[Source data]
>>>>

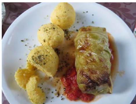
Kohlrouladen mit Walnuss-Gemüsefüllung und Polentaknödel

oder das Walnussöl – sie werden auch das flüssige Gold genannt. Der Preis für Traubenkernöl liegt bei 120 € pro Liter. Dieses aromatische Öl wird gerne zur Verfeinerung von Desserts und Salaten verwendet. In der Mittagspause hatten die Ernährungsreferentinnen das Vergnügen, mal
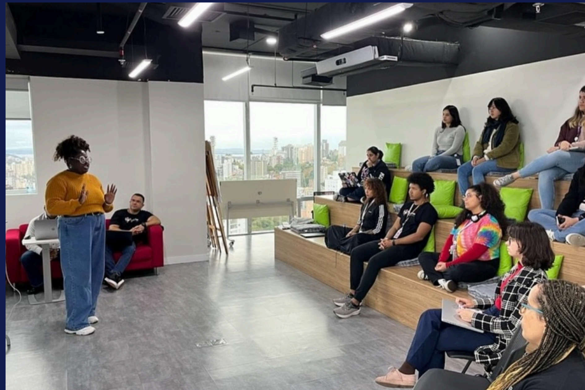
Imagem: registro dos participantes do evento com os palestrantes. Porto Alegre, em agosto de 2025
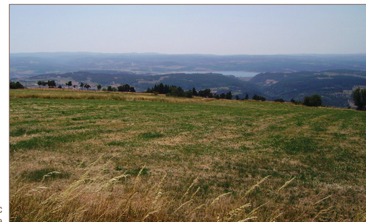
Vue sur le lac de Naussac et la Margeride
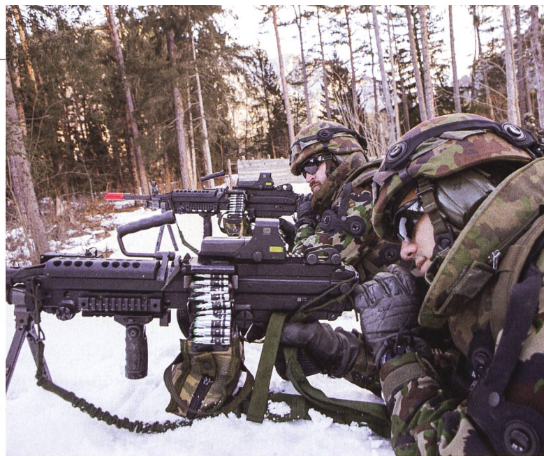
Meine Aufträge halten sich ziemlich kurz: Kämpfen, Schützen, Helfen. Und zwar in dieser Reihenfolge!

77. Mehr zu meiner Geschichte findet ihr übrigens auf meiner Website. Das geht ganz einfach: «Geb Inf Bat 91» in die Suchmaschine eures Vertrauens eingeben.

<<<<

▸ EXERCISE:
Please output every record above exactly as written, leaving out the pictures.

▸ SOLUTION TO THE EXERCISE:
Kohlrouladen mit Walnuss-Gemüsefüllung und Polentaknödel

oder das Walnussöl – sie werden auch das flüssige Gold genannt. Der Preis für Traubenkernöl liegt bei 120 € pro Liter. Dieses aromatische Öl wird gerne zur Verfeinerung von Desserts und Salaten verwendet. In der Mittagspause hatten die Ernährungsreferentinnen das Vergnügen, mal
Imagem: registro dos participantes do evento com os palestrantes. Porto Alegre, em agosto de 2025
Vue sur le lac de Naussac et la Margeride
Meine Aufträge halten sich ziemlich kurz: Kämpfen, Schützen, Helfen. Und zwar in dieser Reihenfolge!

77. Mehr zu meiner Geschichte findet ihr übrigens auf meiner Website. Das geht ganz einfach: «Geb Inf Bat 91» in die Suchmaschine eures Vertrauens eingeben.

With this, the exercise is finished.